Author's Note: I don't know what to say. Yeah. Enjoy!
I dreamed of Natsumi. She was beautiful, and she was one of my best friends until last year. I dreamed of the night that she vanished, and that I couldn't get her back. It was a warm, sunny day in June. We were playing together near the Kaori River, named after the legendary guardian of our District, one who supposedly promoted peace and watched over the land. There was a large statue of Kaori where the river intersected with the center of the South Side. It was nice in the town square there. It was what I imagined the North Side to be like – no pain, no sadness. No tears to be found flowing down my cheeks.
We were sitting at a couple small picnic tables around the river, when Natsumi ran into the waves. She called, and I came after her. We played together for a while, until it happened. While we were in the middle of the river, a violent water spout emerged just several dozen yards from us. I grabbed Natsumi and tried to get to shore, but we were too slow. The water spout managed to suck up Natsumi, and off she went. The last thing I heard from her was my name. She was screaming for help.
I swam after her towards the water spout, but the waves the spout had generated were too powerful. They pushed me under, and the water slowly took over my senses, until everything went black.
When I awoke I found myself lying on the shore, my clothes torn and ragged. I was disoriented, confused and scared. I quickly ran along the side of the river until I came to the town square. My house wasn't too far from the square anyways.
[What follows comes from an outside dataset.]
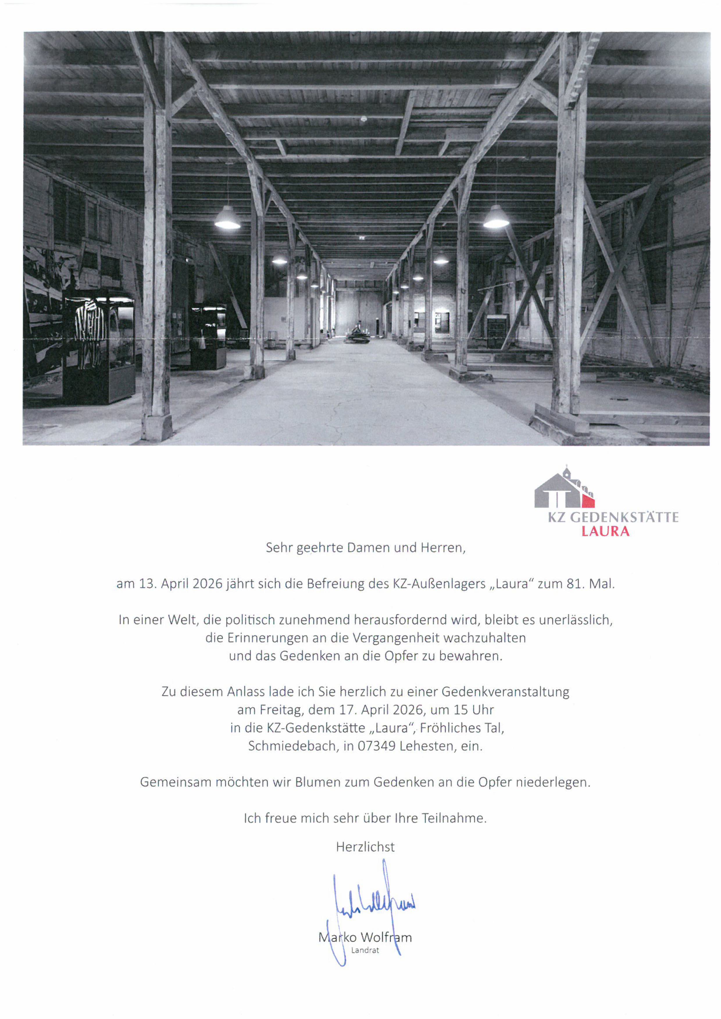 Am 13. April 2026 jährt sich die Befreiung des KZ-Außenlagers "Laura" zum 81. Mal. Aus diesem Anlass lädt der Landkreis herzlich zu einer Gedenkveranstaltung ein.

My parents had died a while ago, so Mr. Chuichi normally let me stay with him. After he died, I had to find a place of my own. It took me a couple years of living on the streets, but I eventually made enough money to get my own place. I was 9 when I first moved in. I let Natsumi stay with me as well. Her parents were dead too. A lot of us kids in Kasaihu were orphans.
Mitsuwa technically still had his mom, but she disowned him when she divorced Mr. Chuichi. I heard she lived on the North Side now. No matter how bad of a person Mitsuwa said she was, I couldn't help but feel envious of her. She had made it to the North Side. She had succeeded in what we had failed to do so many times. I couldn't help but feel jealous.
When I made it to town square, I dashed up the stairs to my apartment. I found it deserted. I called for Natsumi, but there was no response. At last, it seemed to hit me hard. Natsumi was gone. I desperately searched Mitsuwa's apartment, just a couple floors from mine, but it was just as empty as mine. Mitsuwa had inherited it from his father after he died. He always wanted to move in with me, but he felt that it was his last gift to his father to keep his apartment in good shape. He kept his promise to his dad all these years, and the apartment still looks nearly exactly the same as it did back then. It was like a room free of the damaging effects of time.
It was a shame that Natsumi was still gone. I could feel tears running down the side of my cheek as I collapsed onto one of Mitsuwa's chairs. In the matter of a day, I had lost a whole part of my life. I had lost Natsumi. She was gone, gone far beyond my reach wherever the water spout had taken her. Perhaps she was already dead, long pushed under the waves and killed. I never thought about it. I liked to think that she was alright, still alive at the least, so that one day I could right my wrongs and save her.